PROBLEM STATEMENT →
Return the run of lines below that opens with the line containing "Women's Mexico Baseball" and closes with the line containing "Request More Info", keeping each one exact.

DATA TO EXAMINE →
--- START ---

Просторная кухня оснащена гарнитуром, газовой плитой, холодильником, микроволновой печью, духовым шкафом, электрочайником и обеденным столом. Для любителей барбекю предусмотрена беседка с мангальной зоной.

--- END ---
--- START ---

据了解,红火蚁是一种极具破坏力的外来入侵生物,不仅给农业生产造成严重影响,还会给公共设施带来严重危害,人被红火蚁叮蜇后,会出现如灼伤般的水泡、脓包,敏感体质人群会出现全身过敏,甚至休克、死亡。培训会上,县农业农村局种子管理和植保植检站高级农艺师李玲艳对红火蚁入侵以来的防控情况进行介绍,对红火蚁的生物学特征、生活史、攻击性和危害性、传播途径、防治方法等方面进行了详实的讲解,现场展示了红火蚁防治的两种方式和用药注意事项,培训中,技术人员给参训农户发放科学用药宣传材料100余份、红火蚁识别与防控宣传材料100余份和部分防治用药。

--- END ---
--- START ---

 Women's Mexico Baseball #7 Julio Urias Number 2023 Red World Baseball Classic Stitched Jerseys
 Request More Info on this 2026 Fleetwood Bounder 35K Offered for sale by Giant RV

--- END ---

OUTPUT FOR THIS TASK →
 Women's Mexico Baseball #7 Julio Urias Number 2023 Red World Baseball Classic Stitched Jerseys
 Request More Info on this 2026 Fleetwood Bounder 35K Offered for sale by Giant RV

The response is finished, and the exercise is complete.